There is a big difference between an observable artifact like a rock and a text that has been written by a fellow human being. A rock, while it may create many various interpretations and a variety of opinions, remains the rock that it is. The rock, exists. And as Middlebrow pointed out in a comment on the previous Dawkins post, to deny that would be insanity.
A text, however, was created by a fellow human being with various intentions and purposes. Yes, indeed, the text exists as a physical artifact, but the interpretation of that text is not so easy. The nature of language and our use of it and its use of us forces further consideration. There is more to a text than what it, or its author, represents itself as.
See none of this is new to we text workers of the world. I'm am trying to explain this to the Science-minded who think that what we are talking about is utter bullshit. They frequently don't admit their their bias is often linguistic, race-based, or gender-based.
That is disturbing.
From my own perspective Science tries to exclude its biases, They usually do that on micro-scale. Science has strict controls for experiments and is certain to calibrate instruments and exclude biasing factors.
Where Science fails, at least in the Dawkins sense, is to exlude its macro-bias. Those biases are there and need to be examined carefully. Scientists like Dawkins refuse to admit that their cultural or linguistic background shapes what scientific problems they are likely to pursue or even the results that they prefer (there's that word again!) to deny.
I would put forward, as have others before me, that they need to consider not only their biases before they do their science, but also have to consider that how they are reporting it (through the use of language) is also going to bias it.
Natural language is not a specific medium. Interpretation is going to exist. And, as far as I've seen, interpretation also exists in the language of mathematics.
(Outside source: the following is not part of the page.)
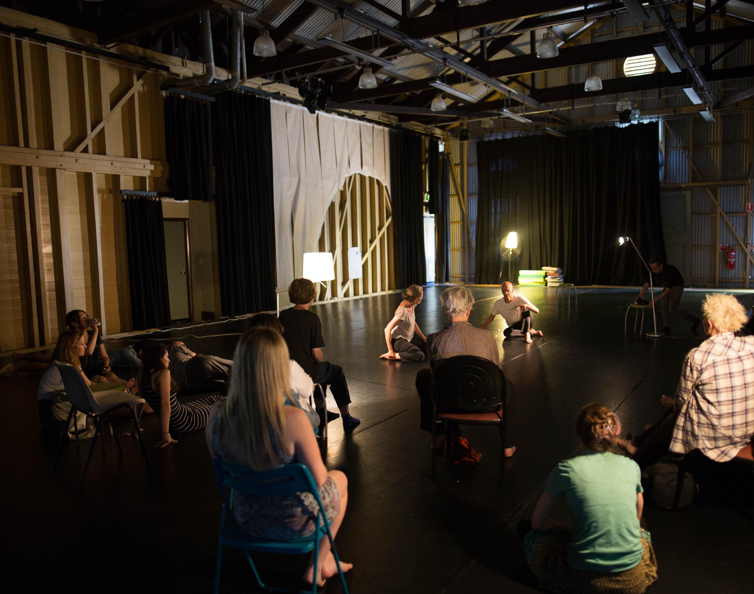 Melbourne choreographer Rosalind Crisp and collaborating artists Andrew Morrish, Peter Fraser and Vic McKewan led a seminar at the Drill Hall at the end of their research week. They explored ideas and methods for developing dance practice in relation to place.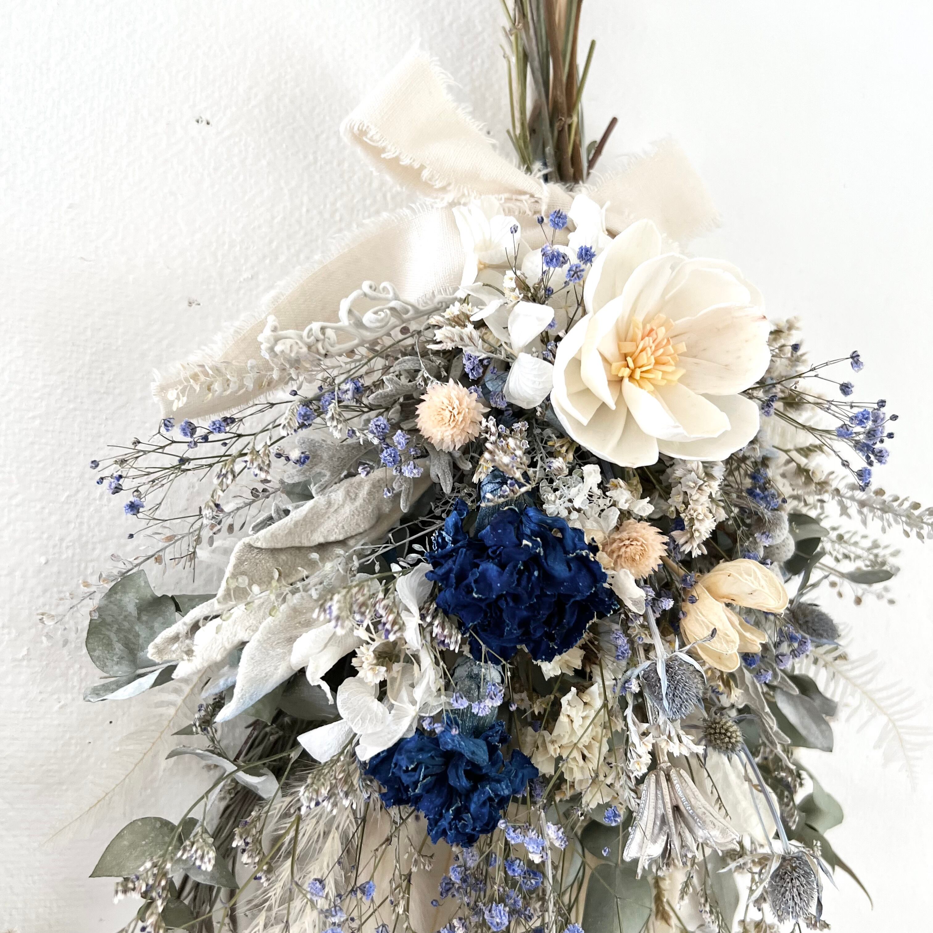 ・花材 ソラローズ カーネーション ユーカリ ナズナ スターチス かすみ草 エリンジューム ブルーファンタジア ハハコソウ シダ 千日紅 紫陽花 フヨウガラ ブルニア パンパスグラス ライスフラワー ダスティミラー テールリード ラベンダーリーフ ユリガラ リボン等

I don't want to fall into a Dawkins' trap, but, as far as I know (and I am no mathematician), mathematics itself has build in biases--Godel's Theorem--which is infamously mis-applied (apparently) to post-modern theory.
Honestly, I'm not really certain why Dawkins, a perfectly respectable scientist of our modern ilk, refuses to explore the possibility of linguistic bias in how he observes the world. The thing that Dawkins doesn't understand is that post-modernism is about the bias that we all have in observing the world.
As a good scientist, you think he would.